Stasimopus astutus

Scientific classification
- Kingdom: Animalia
- Phylum: Arthropoda
- Subphylum: Chelicerata
- Class: Arachnida
- Order: Araneae
- Infraorder: Mygalomorphae
- Family: Stasimopidae
- Genus: Stasimopus
- Species: S. astutus
- Binomial name: Stasimopus astutus Pocock, 1902

= Stasimopus astutus =

- Authority: Pocock, 1902

Species of spider

Stasimopus astutus is a species of spider in the family Stasimopidae. It is endemic to South Africa.

==Distribution==
Stasimopus astutus is found in the Eastern Cape province of South Africa. It occurs at Pearston, Bedford, and Jansenville at altitudes ranging from 415 to 736 m above sea level.

==Habitat and ecology==
The species is a ground dweller that lives in silk-lined burrows closed with a thick trapdoor lid. It has been recorded from the Thicket and Nama Karoo biomes.

==Description==

Stasimopus astutus is known from both sexes.
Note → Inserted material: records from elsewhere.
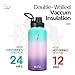 INSULATED SPORTS WATER BOTTLE: No Sweating! The double wall insulation makes the Coldest sweat-free! It keeps your drink COLD for up to 36+ hours, and HOT for up to 13+ hours. *NOTE: ONLY the 24oz fit in cupholders*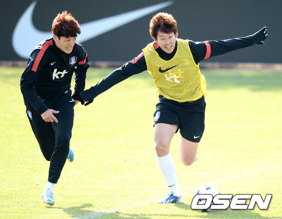 21일 오후 경기 파주 축구 국가대표팀 트레이닝 센터(NFC)에서 열린 대표팀 훈련에서 손흥민이 이청용의 수비를 피해 드리블 돌파를 시도하고 있다.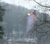 но против него верт почти не шел, несмотря но полностью отданную ручку от себя. Тем не менее в воздухе сидел устойчиво. Погода мерзкая - морось, туман, +2. Из-за широких пилонов для подвески ракет похоже слегка затеняется нижний винт при снижении с большой вертикальной скоростью, поэтому пилон лучше сделать из проволоки. Кроме того, после отстрела по 10 ракет с каждой направляющей они здорово оплавились. На элементах вертолета следов воздействия пороховых газов не обнаружено. В момент схода ракеты поведение вертолета не меняется.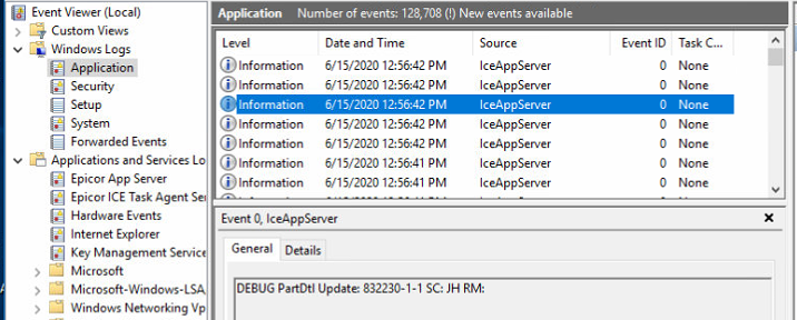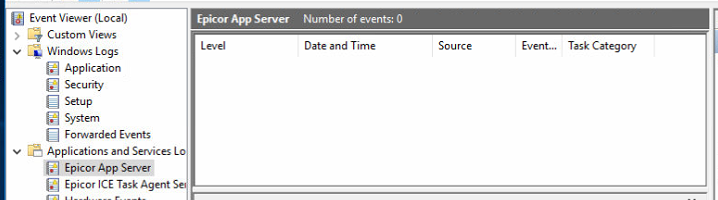 Events that used to go into Epicor specific logs? Some processes initiated by the App Server may normally create entries in the Windows Applications logs.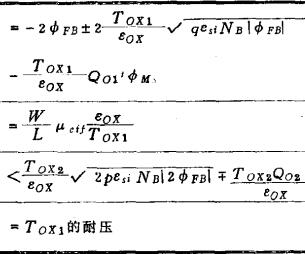 MOS晶体管特性集成电路是由晶体管组合而成的,因而在集成电路设计中希望单个晶体管的特性简单。为此,多采用粗略近似的简单表达式。其要点如下。这类简单的表达式之一是,流过MOS品体管的电流有与饱和区有效栅电压的平方成正比1)的关系。这一关系基于这样的事实;当半导体内感生的载流子电荷Qs与有效栅电压成正比,漏电压在源端产生的电场也与有效栅电压成正比时,特性曲线趋于饱和。关于电流的另一近似是漂移电荷的速度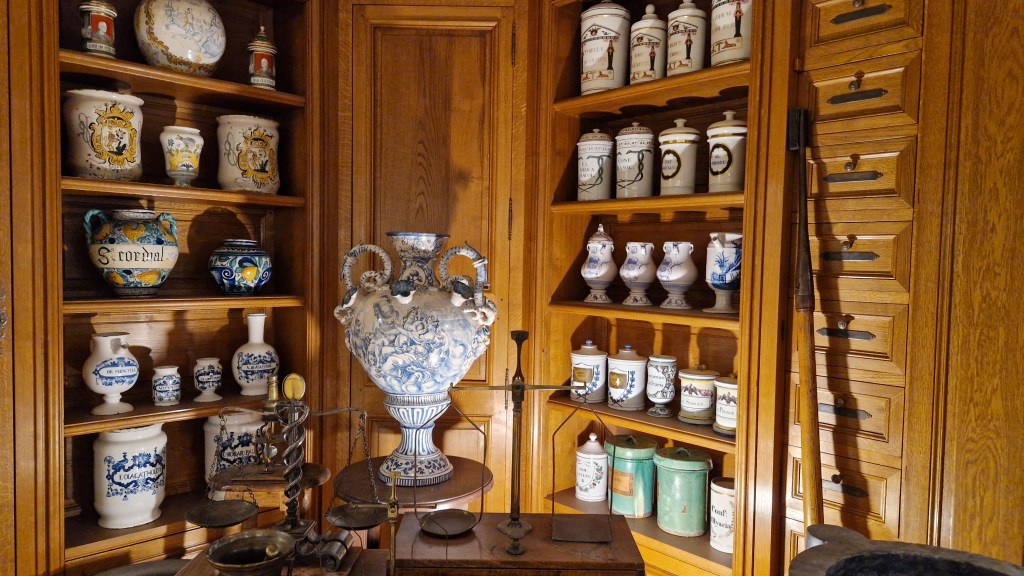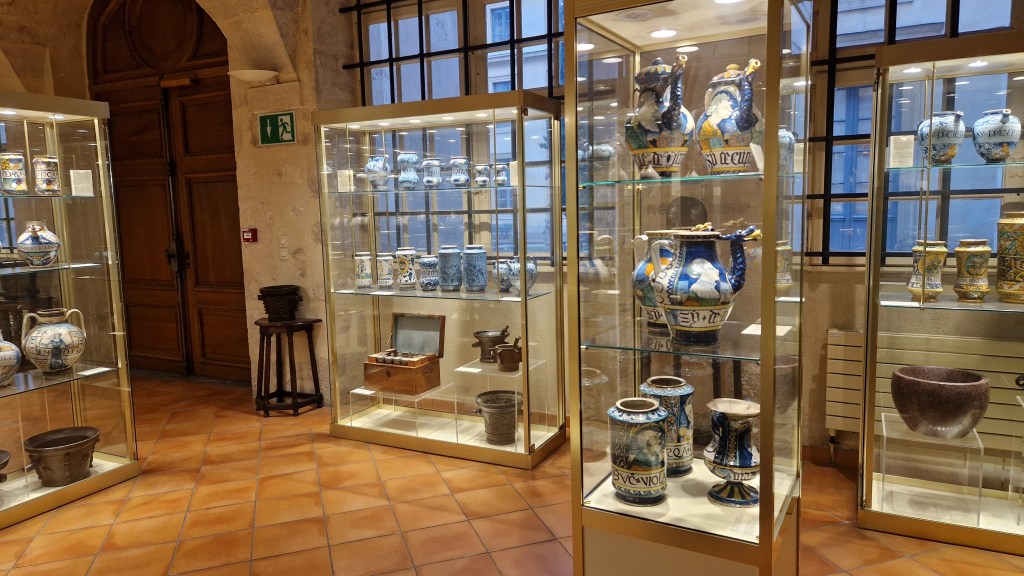 Avant de quitter le musée, nous avions libre accès à la collection de pots à pharmacie des docteurs Debat, beaucoup viennent d’Italie, quelques uns d’Espagne et plus rarement d’Allemagne et de France.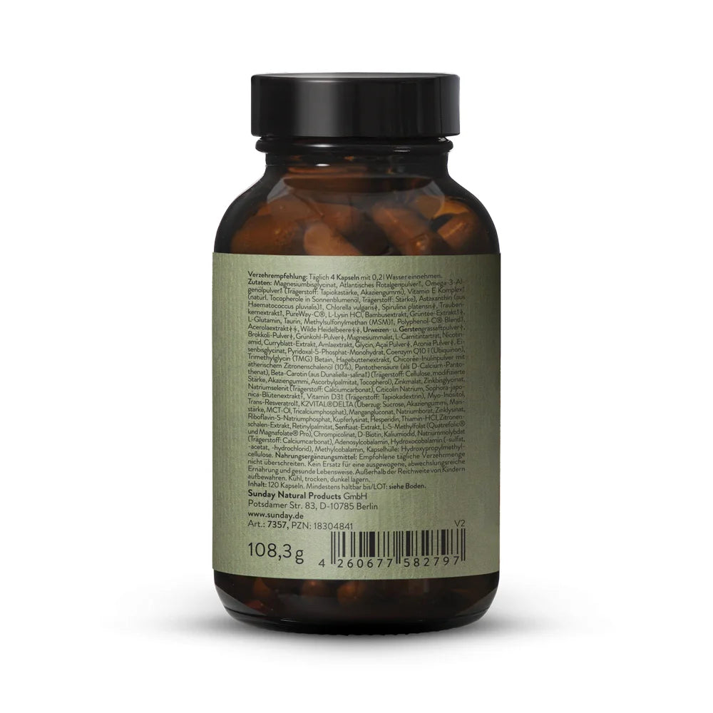 Amino acids, secondary plant substances and superfoods: With the vegan amino acids L-lysine, L-carnitine, taurine, L-glutamine, glycine, OPC from French premium grape seeds as a highly pure water extract, polyphenols and catechins from wild blueberry and fresh green tea extract, highly active resveratrol as Original Veri-te™ from fermentation, quercetin, rutin and astaxanthin as well as coenzyme Q10, high-quality chlorella and spirulina grown without pesticides and a wide range of high-quality supergreens such as broccoli, kale and barley and ancient wheatgrass juice, grown without pesticides, rounded off with the berries açai, aronia, acerola, amla and rosehip.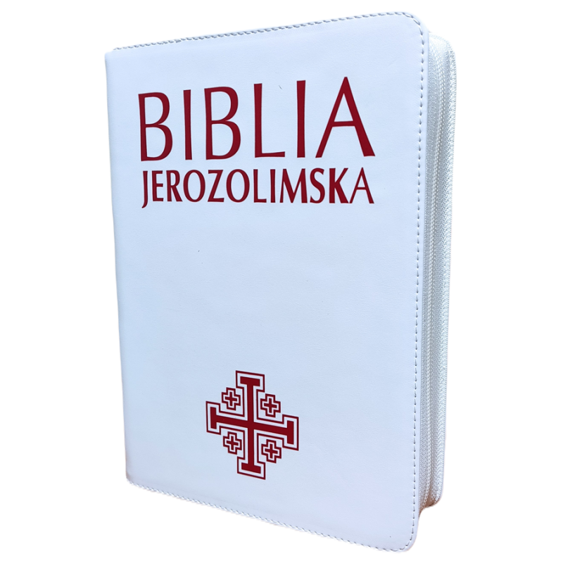 Biblia Jerozolimska. Paginatory. Oprawa skórzana z kolorowym nadrukiem biała. Wydawnictwo Pallottinum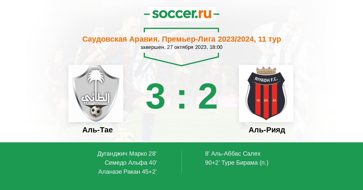 Протокол матча Аль-Тае против Аль-Рияд

Females reach a total body length of 35 mm.

==Conservation==
Stasimopus astutus is listed as Data Deficient by the South African National Biodiversity Institute. The species is suspected to be under-collected since trapdoor spiders are not easy to locate. Identification of the species is problematic, and more sampling is needed to determine the species' present range. There are no obvious threats to the species.

==Taxonomy==
The species was originally described by Pocock in 1902 from Pearston. The genus has not yet been revised.